Write out word for word each line from the one containing "1946 SCHWEDEN 10" through the close of the listing, including both ends. Pictures do not belong in the copy.

◆ **Extracted material**:
[Start of Attachment]

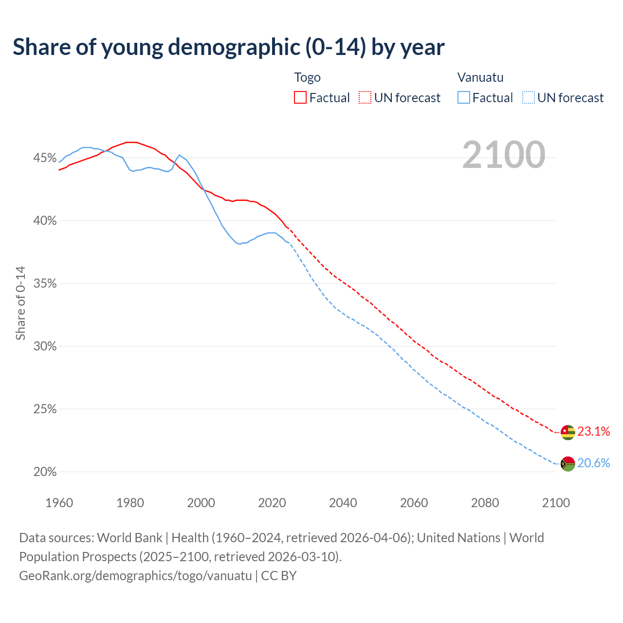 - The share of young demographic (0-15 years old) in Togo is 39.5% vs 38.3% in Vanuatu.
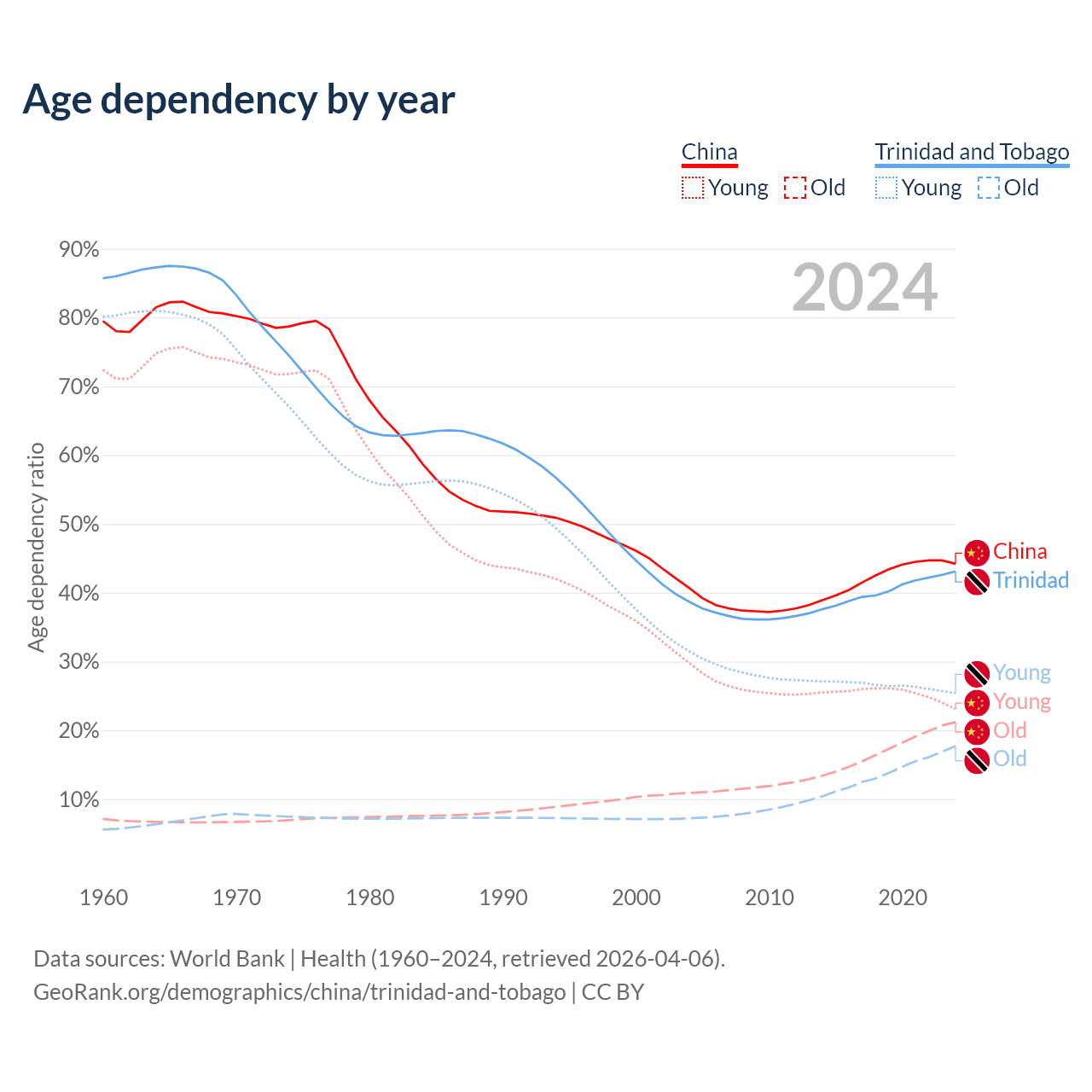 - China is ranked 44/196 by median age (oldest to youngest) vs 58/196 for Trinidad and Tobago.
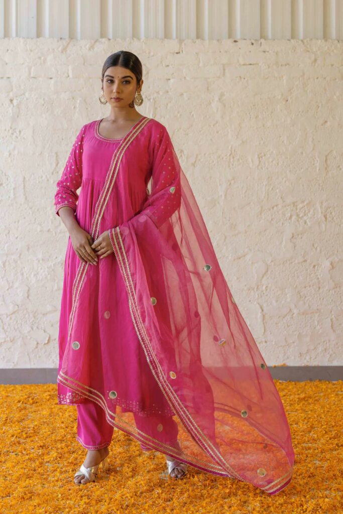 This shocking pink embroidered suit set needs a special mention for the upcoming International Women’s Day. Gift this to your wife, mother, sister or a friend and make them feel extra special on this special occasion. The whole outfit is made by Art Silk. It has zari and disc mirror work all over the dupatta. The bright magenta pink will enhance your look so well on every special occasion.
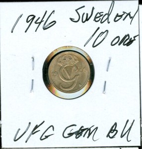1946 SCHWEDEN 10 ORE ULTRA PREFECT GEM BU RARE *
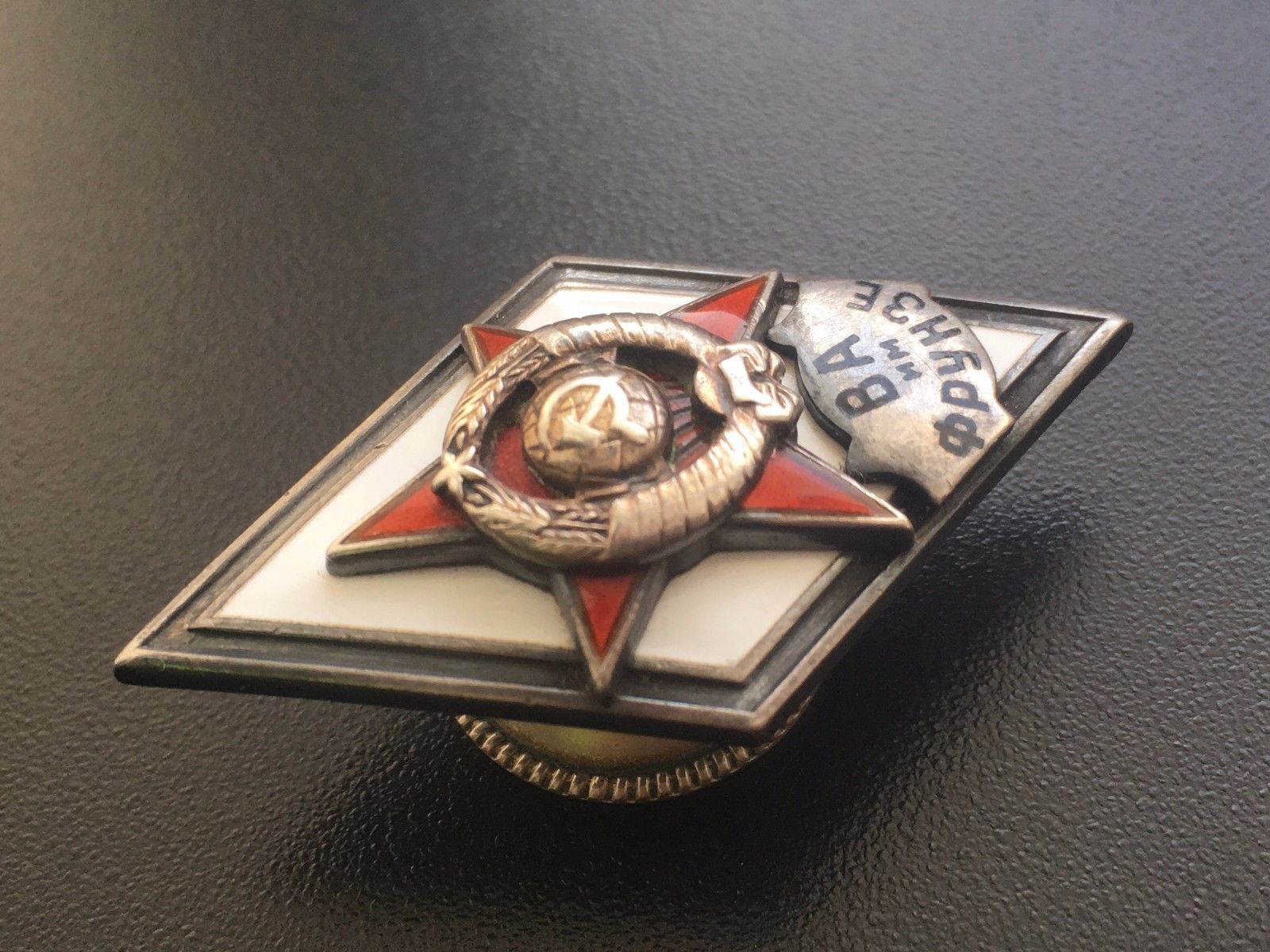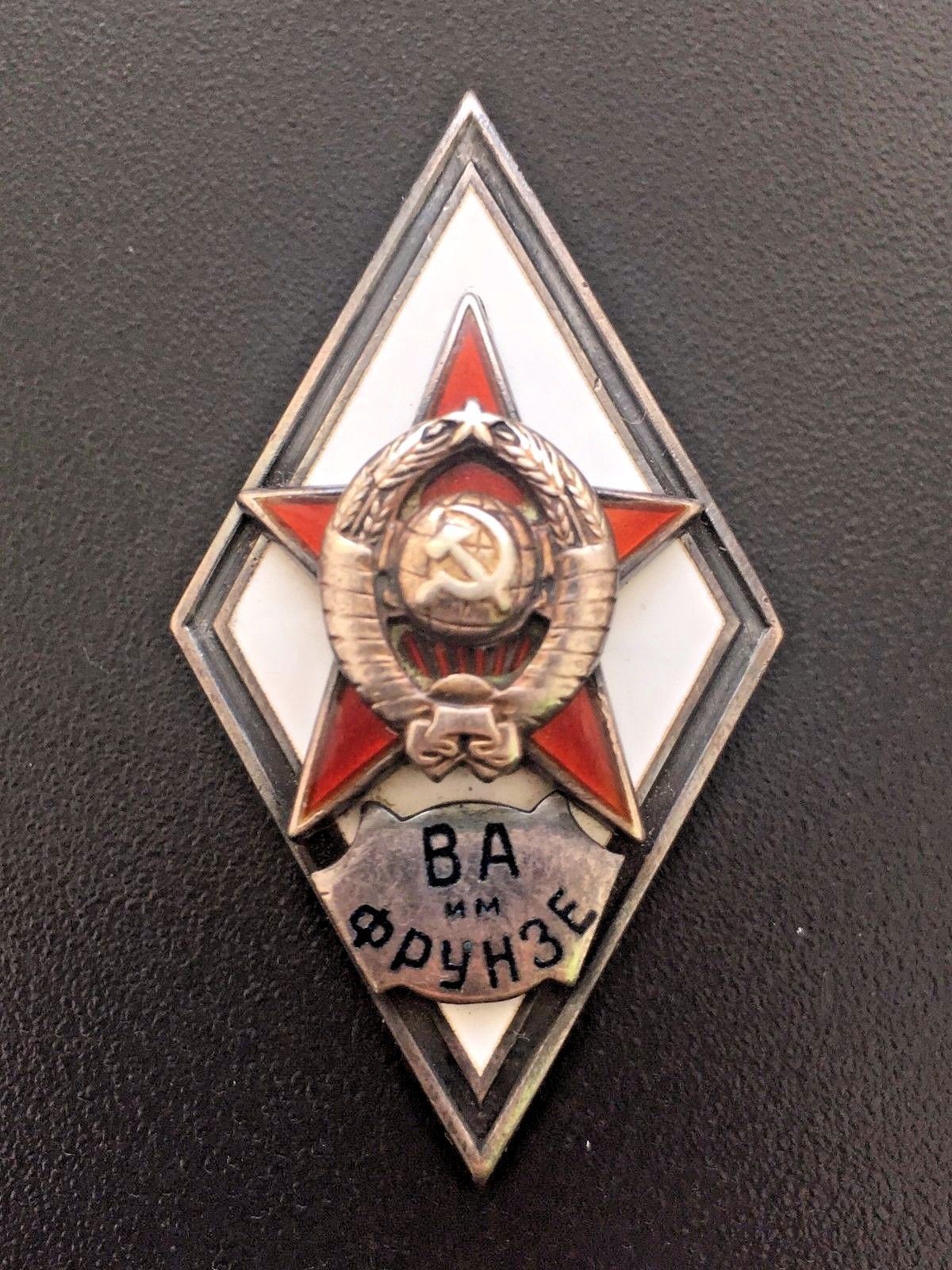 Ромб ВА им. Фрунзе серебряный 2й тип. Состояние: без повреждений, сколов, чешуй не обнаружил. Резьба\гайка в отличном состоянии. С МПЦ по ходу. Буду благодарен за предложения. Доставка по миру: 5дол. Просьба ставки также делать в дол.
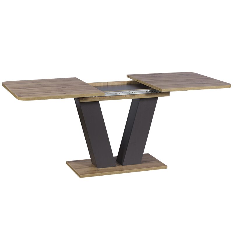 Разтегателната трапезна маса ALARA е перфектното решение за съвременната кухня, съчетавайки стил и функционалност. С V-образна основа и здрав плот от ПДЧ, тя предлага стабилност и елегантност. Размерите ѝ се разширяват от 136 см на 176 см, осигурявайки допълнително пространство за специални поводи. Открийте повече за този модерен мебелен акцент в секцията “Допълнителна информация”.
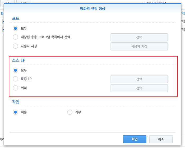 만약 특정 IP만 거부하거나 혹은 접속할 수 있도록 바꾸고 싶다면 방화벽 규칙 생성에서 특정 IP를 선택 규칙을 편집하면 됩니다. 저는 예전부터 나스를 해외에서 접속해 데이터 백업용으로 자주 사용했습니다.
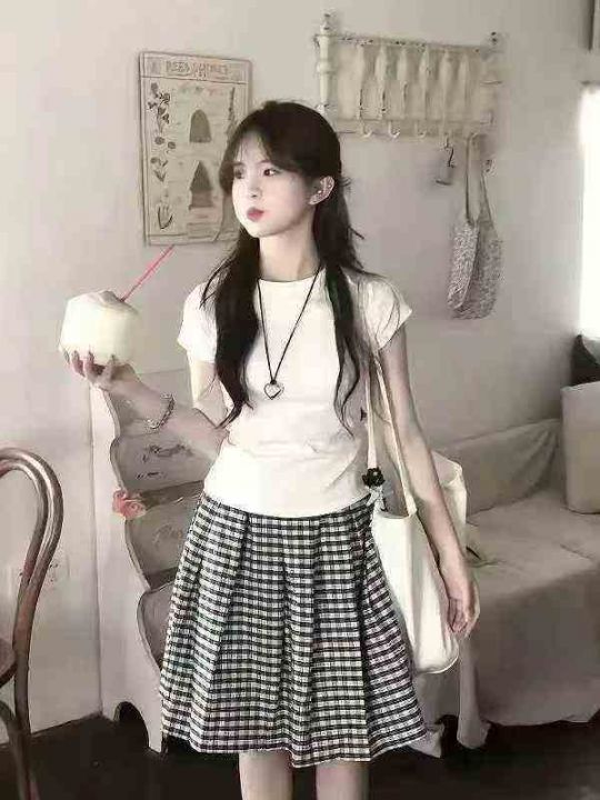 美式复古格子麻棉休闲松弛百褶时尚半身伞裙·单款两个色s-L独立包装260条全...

[End of Attachment]

◆ **Answer space**:
1946 SCHWEDEN 10 ORE ULTRA PREFECT GEM BU RARE *
 Ромб ВА им. Фрунзе серебряный 2й тип. Состояние: без повреждений, сколов, чешуй не обнаружил. Резьба\гайка в отличном состоянии. С МПЦ по ходу. Буду благодарен за предложения. Доставка по миру: 5дол. Просьба ставки также делать в дол.
 Разтегателната трапезна маса ALARA е перфектното решение за съвременната кухня, съчетавайки стил и функционалност. С V-образна основа и здрав плот от ПДЧ, тя предлага стабилност и елегантност. Размерите ѝ се разширяват от 136 см на 176 см, осигурявайки допълнително пространство за специални поводи. Открийте повече за този модерен мебелен акцент в секцията “Допълнителна информация”.
 만약 특정 IP만 거부하거나 혹은 접속할 수 있도록 바꾸고 싶다면 방화벽 규칙 생성에서 특정 IP를 선택 규칙을 편집하면 됩니다. 저는 예전부터 나스를 해외에서 접속해 데이터 백업용으로 자주 사용했습니다.
 美式复古格子麻棉休闲松弛百褶时尚半身伞裙·单款两个色s-L独立包装260条全...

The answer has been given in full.